Apples bloom In the budding process, the sun finally rose before the alarm sounded, and Google CEO Sundar Pichai was wiping the lens of his Gemini-powered smart glasses. You know what this means: Google I/O is time again.
Google will be fully involved in its annual I/O developer meeting, which will begin Tuesday, May 20. The event will be held at the Shoreline Amphitheater in Mountain View, California, just on the way to Google's headquarters. The keynote starts at 10 a.m. Tuesday and as usual, it will be broadcast live.
Expect to hear and see updates about Android 16, the latest information on Google XR glasses, how AI changes the search experience and how the Gemini interface evolves and enters more Google’s platform.
Google's keynote address should be open with Pichai's comments before the team launches all new content Tuesday, May 20 exist PDT 10 am (EDT at 1pm and BST at 6pm). You can watch it on Google's I/O website or Google's YouTube channel. The video feed is also embedded at the top of this page. Google also provides a feed of American Sign Language.
Be sure to listen on our Google I/O Live blog where the cable team will provide the latest news updates and analytics all announcements. Once we approach the main event, we will post a link to LiveBlog here.
In addition to the main keynote, a developer-centric keynote was followed by a PDT (EDT 4:30).
So much AI. Indeed, that's most of what we expect to cover in Tuesday's keynote. Google has been building its machine intelligence work on all its platforms, integrating it into the main search experience, the main features of Android, and the company's various productivity tools. Remember that just a year ago, we first heard about the AI overview, so we might get the latest information on how AI-driven searches grow over the past year, and a roadmap for the next step.

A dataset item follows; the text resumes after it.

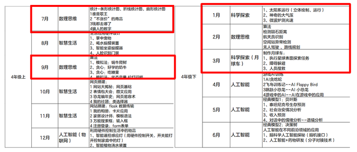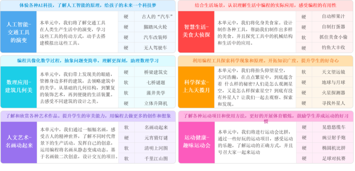 我们来看看整个学而思编程的课程体系,从大班一直到四年级,都有丰富的知识加码,数理、科学、人文艺术和未来的智慧生活,符合新课标要求,提升孩子的综合能力

Of course, we will also hear about Gemini updates and how to use the latest models on Android phones. Google has some projects that are still in the experimental stage (such as the next Gemini model, as well as its new AI search mode), and I/O is where Google usually pushes this content to a general version.
We've learned a lot about Android this year, as Google has shared in Android 16 design changes and new scam features for Android phones in Android 16. We also know that I/O may not announce any pixel or nest hardware. New phones and gadgets usually arrive in the fall.
Finally, we expect a major update to Google's XR efforts. The company showed off Android XR last year, let’s use AI-powered smart glasses to do the hands-on (face-to-face?). Android XR brings Gemini's chatbot-style voice interaction to a set of glasses and pairs with an onboard camera for computer vision. Codenamed Moohan Project, we want to see where these glasses are in their development cycle and updates that everyone can try.